Now let's visualize a runthrough of one episode where we are just randomly sampling actions to see what the taxi looks like in action. Note that although a reward function is being calculated, the agent is not learning from it in any way, which is why this taxi has no idea what it's doing.

First we'll have to install all the Python packages we'll be using. Run the below cell!

In [None]:
!pip3 install gymnasium numpy matplotlib IPython gymnasium[toy-text]

In [None]:
import gymnasium as gym
import numpy as np
import matplotlib.pyplot as plt
import random
from IPython.display import clear_output
from time import sleep
from matplotlib import animation
from utils import run_animation, store_episode_as_gif

"""Simulation with random agent"""
env = gym.make("Taxi-v3", render_mode="rgb_array")

epoch = 0
num_failed_dropoffs = 0
experience_buffer = []
cum_reward = 0

done = False

state, _ = env.reset()

while not done and epoch < 100:
    # Sample random action
    "Action selection without action mask"
    action = env.action_space.sample()

    "Action selection with action mask"
    #action = env.action_space.sample(env.action_mask(state))

    state, reward, done, _, _ = env.step(action)
    cum_reward += reward

    # Store experience in dictionary
    experience_buffer.append({
        "frame": env.render(),
        "episode": 1,
        "epoch": epoch,
        "state": state,
        "action": action,
        "reward": cum_reward,
        }
    )

    if reward == -10:
        num_failed_dropoffs += 1

    epoch += 1

# Run animation and print console output
run_animation(experience_buffer, True)

print("# epochs: {}".format(epoch))
print("# failed drop-offs: {}".format(num_failed_dropoffs))

Now that we've set up the environment, let's help our passenger reach their destination through Q Learning!

## **Q Table**
Here is what our Q Table will look like for our scenario:

![qtable_pic](qtable_pic.png)

**What are the dimensions of our Q Table?**

**Answer:** 

We must start by initializing the Q Table with zeroes since we don't have any information to start with.

In [None]:
state_size = env.observation_space.n  # total number of states (S)
action_size = env.action_space.n      # total number of actions (A)

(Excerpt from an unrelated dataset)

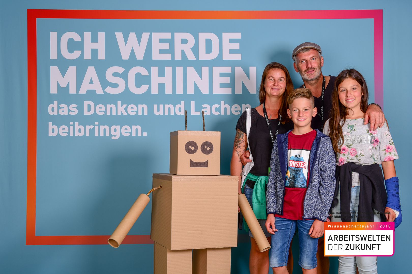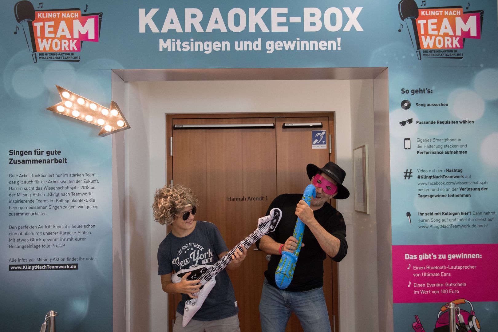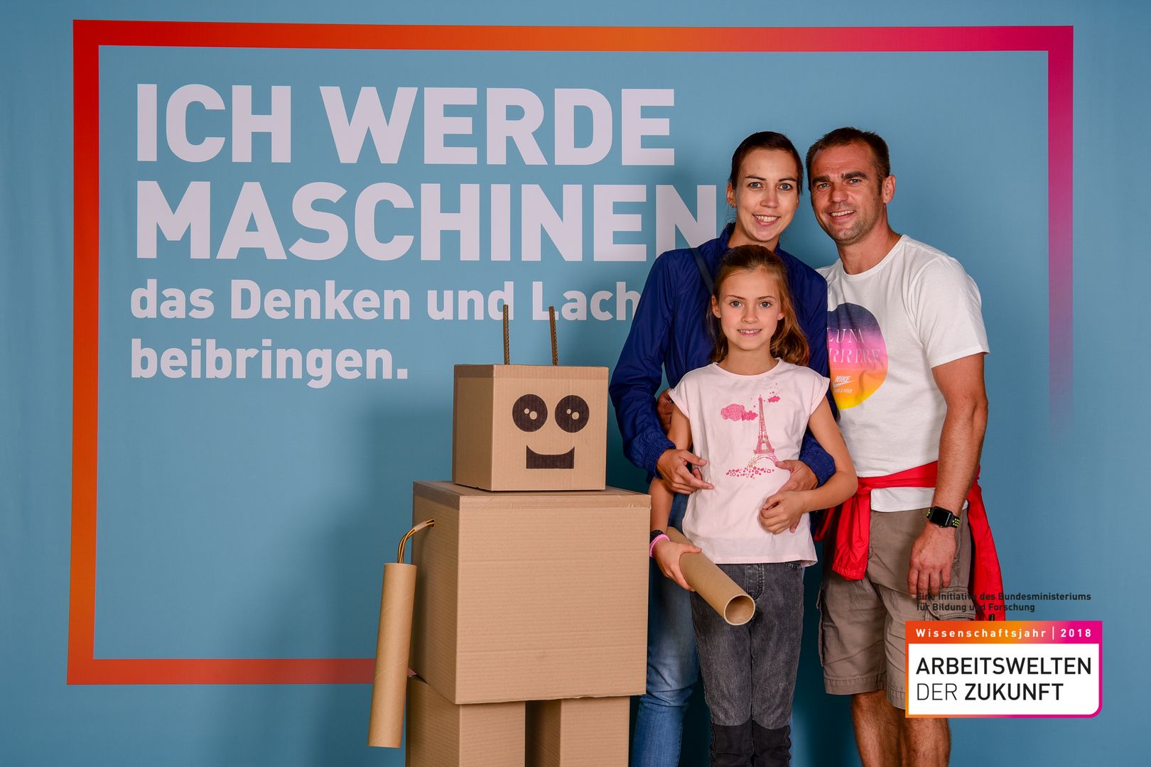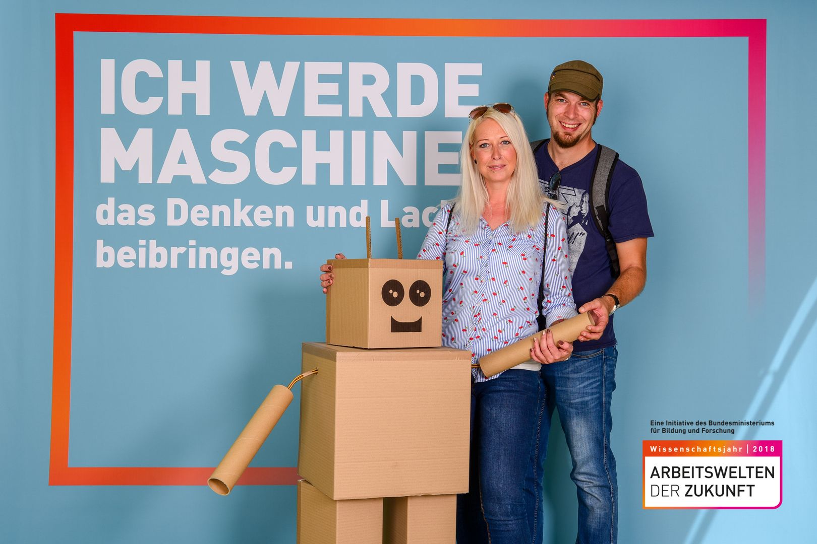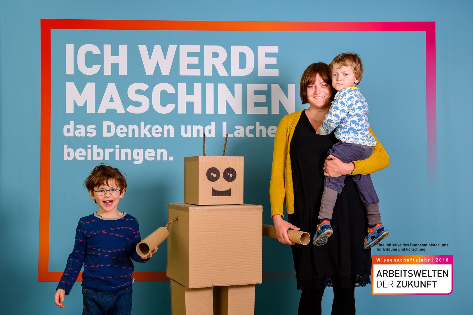 Auch das Wissenschaftsjahr 2018 war vor Ort und bot spannende Einblicke in die Arbeitswelten der Zukunft. Ob beim Kistenstapeln mithilfe einer Datenbrille oder bei der Erstellung eines digitalen Jobprofils von der Künstliche-Intelligenz-Berufs-Agentur (KIBA) – die Besucherinnen und Besucher konnten im BMBF schon heute erleben, wie wir in Zukunft arbeiten werden. Vor allem die beiden interaktiven Roboter Emma und Robbie zogen viele Blicke auf sich – sie sollen in Zukunft die Fachkräfte in der Altenpflege entlasten. Mit der Karaoke-Station der Mitsing-Aktion „Klingt nach Teamwork“ kam auch der Spaß nicht zu kurz.

# initialize a qtable with 0's for all Q-values
qtable = np.zeros((state_size, action_size))

## **Hyperparameters**

Hyperparameters are parameters of ML that are not set or changed by the algorithm itself, but by the user to control how the algorithm learns. Here are the hyperparameters we must define:

**learning_rate**: this corresponds to _alpha_ in the Bellman equation and takes on a value from 0 to 1. This represents how much we want the algorithm to change in response to new information

**discount_rate**: this corresponds to _gamma_ in the Bellman equation and takes on a value from 0 to 1. This represents how much we value information from predicted future states

**epsilon**: as we've mentioned before, this is the threshold for choosing to explore or exploit. The hyperparameter variable represents the initial value

**decay_rate**: this is how much we want epsilon to decrease by in every episode. We want to keep decreasing epsilon over time so that the agent is more likely to exploit when it has gathered more information.

**num_episodes**: number of episodes we want to train for

**max_epochs**: the maximum number of epochs or steps we want in each episode. The episode stops either when this threshold is reached, or the passenger is successfully delivered.

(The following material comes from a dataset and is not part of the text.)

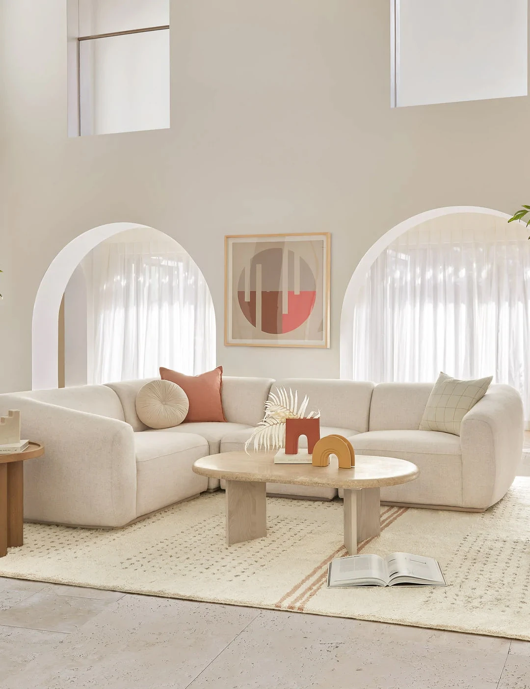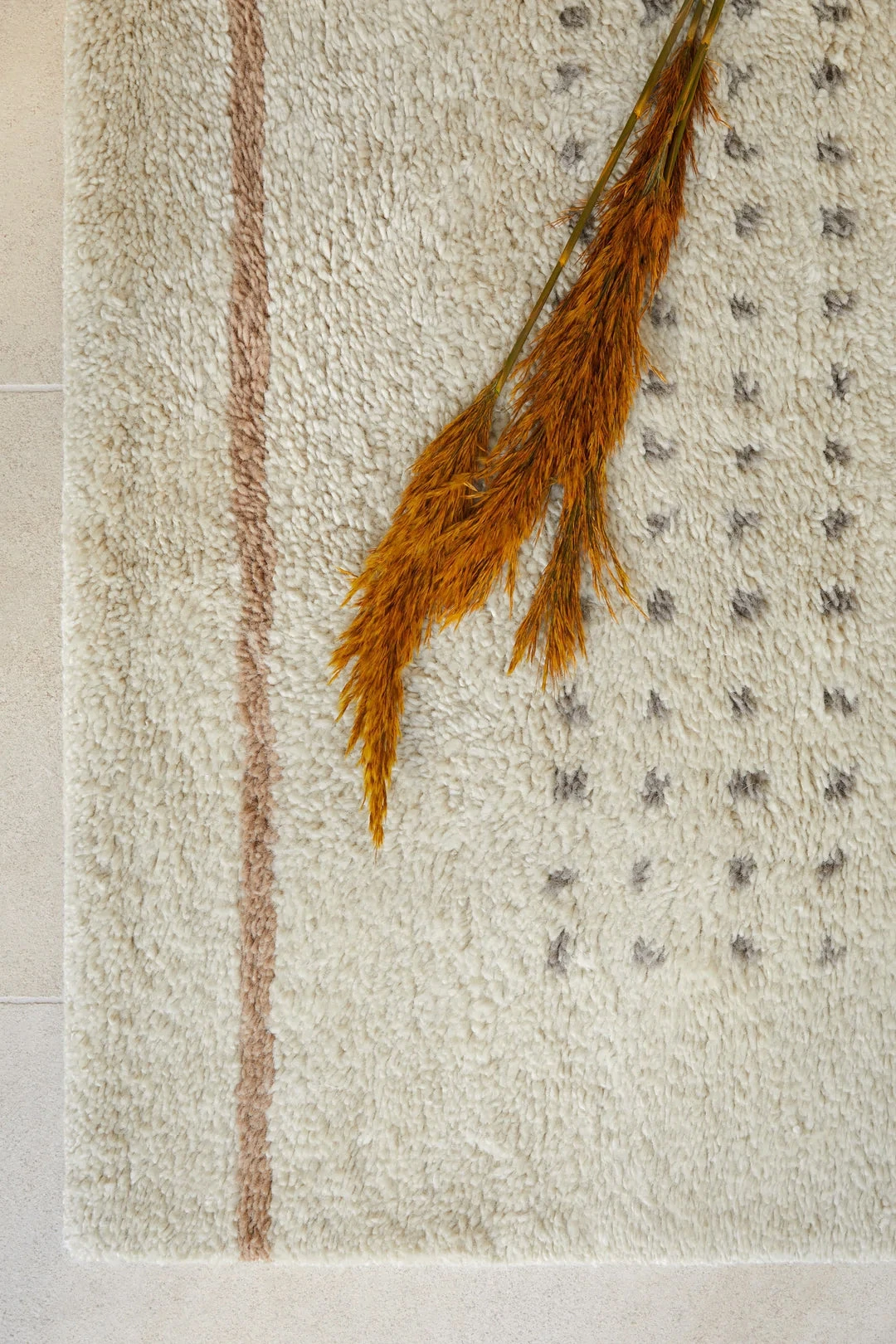 Inspired by the repetitive motifs and super soft pile of vintage Gabbeh rugs, this hand-knotted Rina floor rug features a simple geometric design of dots and stripes in a neutral palette. Crafted from a wool-viscose blend, this is an inviting area rug for your living room or bedroom.

**Bonus**: Once you've finished the assignment, come back and change the hyperparameters and see how it affects the algorithm's performance. What values yield the most effective algorithm?

In [None]:
# hyperparameters
learning_rate = 0.9
discount_rate = 0.8
epsilon = 1.0
decay_rate= 0.005
num_episodes = 1000
max_epochs = 99 # per episode   

## **Training** 

Now we will implement the Q Learning algorithm in the block below! Let's walk through the code step by step.
First, in Block A, we are initializing some lists so we can collect and plot data to analyze our training results. Next, we have a loop for Block B to allow us to repeat the algorithm for each episode. Then we begin each episode by resetting the environment to a new starting position in Block B1. 

**Why do you think we have to set done equal to False?**

**Answer:**

In Block B3, we have a loop for each episode to go through the individual epochs. In this loop, we must first decide whether we want to explore or exploit in Block B3a.

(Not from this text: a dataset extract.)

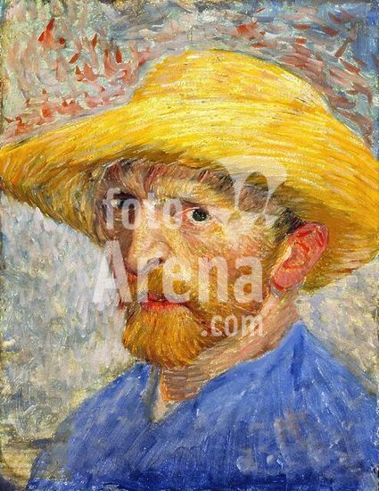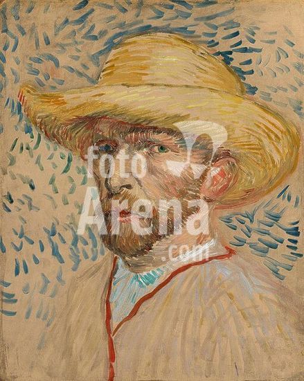 alb3617015 Self-Portrait with a Straw Hat (obverse: The Potato Peeler). Artist: Vincent van Gogh (Dutch, Zundert 1853-1890 Auvers-sur-Oise). Dimensions: 16 x 12 1/2 in. (40.6 x 31.8 cm). Date: 1887.Van Gogh produced more than twenty self-portraits during his Parisian sojourn (1886-88). Short of funds but determined nevertheless to hone his skills as a figure painter, he became his own best sitter: "I purposely bought a good enough mirror to work from myself, for want of a model." This picture, which shows the artist's awareness of Neo-Impressionist technique and color theory, is one of several that are painted on the reverse of an earlier peasant study. Museum: Metropolitan Museum of Art, New York, USA.

**Which Case (1 or 2) corresponds to exploring, and which corresponds to exploiting?** *HINT: .sample() picks a random value from the given space, and np.argmax() returns the index of the maximum value in an array*

**Answer:**

After we decide whether to explore or exploit, we actually perform that action (an integer between 0 and 5), through the step function in Block B3b.

Then, in Block B3c, it's time to update our Q Table based on the reward and new state that results from our action. This is where we finally implement the Bellman Equation. Compare this line of code with the equation presenting at the top of the notebook. Do they match up?

In Blocks B3e and B3f we update our state to the new state that was created with the step function and check to see if the passenger has been successfully delivered, becuase if they have, we can end the episode. But if they haven't, we go back to the start of the inner loop and repeat.

Now we're out of the inner loop and into the outer loop again. All that's left to do for our algorithm is to decrease the value of epsilon by applying the decay rate in Block B4. 

**Does a higher decay rate cause epsilon to decrease faster or slower?**

**Answer:**

**Note that the training process for Q Learning is analgous to training a neural network. However, instead of updating the weights of nodes, we are updating values in the Q Table.**

In [None]:
# (Block A) algorithm stats
epochs_list = []
failed_dropoffs_list = []
rewards_list = [] 

# (Block B) Q Learning Algorithm
for episode in range(num_episodes):

    # (Block B1) reset the environment to a random starting point
    state = env.reset()[0]
    done = False
    
    # (Block B2) stats for algorithm performance
    epochs = 0
    failed_dropoffs = 0
    cumulative_reward = 0

    # (Block B3) Run Episode
    for s in range(max_epochs):

        # (Block B3a) exploration-exploitation tradeoff
        if random.uniform(0,1) < epsilon:
            # Case 1
            action = env.action_space.sample()
        else:
            # Case 2
            action = np.argmax(qtable[state,:])

        # (Block B3b)take action and observe new state and reward
        new_state, reward, done, info, _ = env.step(action)

        # (Block B3c) Updating the Q Table (Bellman Equation)
        qtable[state,action] = qtable[state,action] + learning_rate * (reward + discount_rate * np.max(qtable[new_state,:])-qtable[state,action])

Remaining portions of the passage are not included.